Daily Monitor has also established that the Uganda Electricity Generation Company Ltd (UEGCL) is also in its final stages of starting up a training school, according to UEGCL senior engineer, Musa Mukula.
However, the establishment of the training schools by government parastatals has already attracted criticism from some university lecturers who argue that the system will see many courses being duplicated.
Govt must supervise
Geoffrey Ssentongo, a lecturer at Kyambogo University department of Civil Engineering, notes that if government does not supervise such training schools, they might end up coming up with more courses which might duplicate the ones taught at universities.

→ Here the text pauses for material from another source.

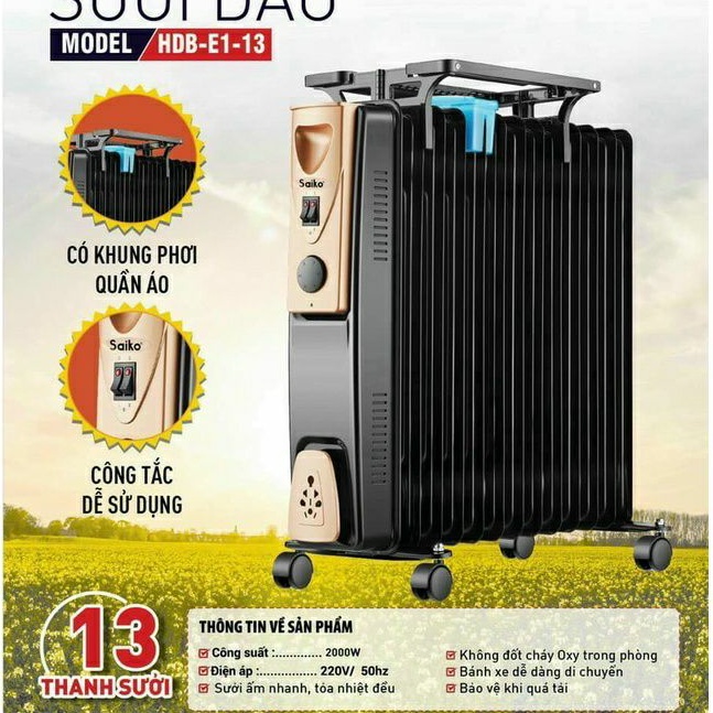 Thiết Bị Điện Gia Dụng > Thiết bị điện gia dụng lớn > Máy sưởi || [Mã ELHA22 giảm 5% đơn 300K] Máy Sưởi Dầu 13 Thanh Saiko CDN-RY2000-13AT (Có Giá Phơi Đồ) - Bảo Hành 18 Tháng Toàn QuốcCòn hàng

“Are they supervised by government to ascertain what they actually do? Government should come up with guidelines on how such training schools should operate otherwise there could be a clash where some courses may end up being duplicated to render universities irrelevant,” he says.
Every year, universities in Uganda produce thousands of graduates to compete for the few available jobs in the labour market.
However, a few of them tend to succeed in getting jobs as majorities are left out because they do not meet the required skills to do a particular job.
This trend has created a very big debate, with majority of people accusing higher institutions of learning of producing half-baked students.
Makerere University director of Quality Assurance, Dr Vincent Ssembatya, says parastatals only train their employees to acquire a specific skill unlike universities which he says teach to broaden the mind of the learners.
“You might find that the employer wants to shape their employees into a particular direction,” he says.
Dr Ssembatya adds that many organisations train their employees but says this cannot be a competition to the university curriculum where learners are trained on particular areas and not just specific skills. “It is expected that that way graduates are given more skills that will enable them perform better. There is no way this can affect the university curriculum because we look at broadening the students’ knowledge,” he says.
Competitive job market
Not only are university lecturers worried but heads of vocational institutions who claim their graduates might fail to get employment. Government already facilitates more than 50 technical and vocational training institutions in the country.
But the Education ministry undersecretary, Aggrey Kibenge, says universities have no reason to worry. He says training institutions only ensure their products are field-oriented because some of the graduates they get, perhaps lack particular skills to make them productive to the organisation.
“I need to crosscheck and gather more information on the same but from a policy angle, the ministry has been reviewing policies such as Skilling Uganda programme to ensure that training institutions are responsive to the labour market,” he says.
Kibenge adds that they have since initiated the Sector Skills Councils where they are engaging stakeholders in certain sectors who come together with curriculum designers to come up with skills that can enable graduates get jobs.
High unemployment levels
A recent study by Action Aid Uganda titled: “Lost opportunity? Gaps in youth policy and programming in Uganda,” put youth unemployment at 62 per cent, although the African Development Bank says it could be as high as 83 per cent.
It is estimated that more than 40,000 young people graduate from Ugandan universities each year. Yet the market can provide only 8,000 jobs annually.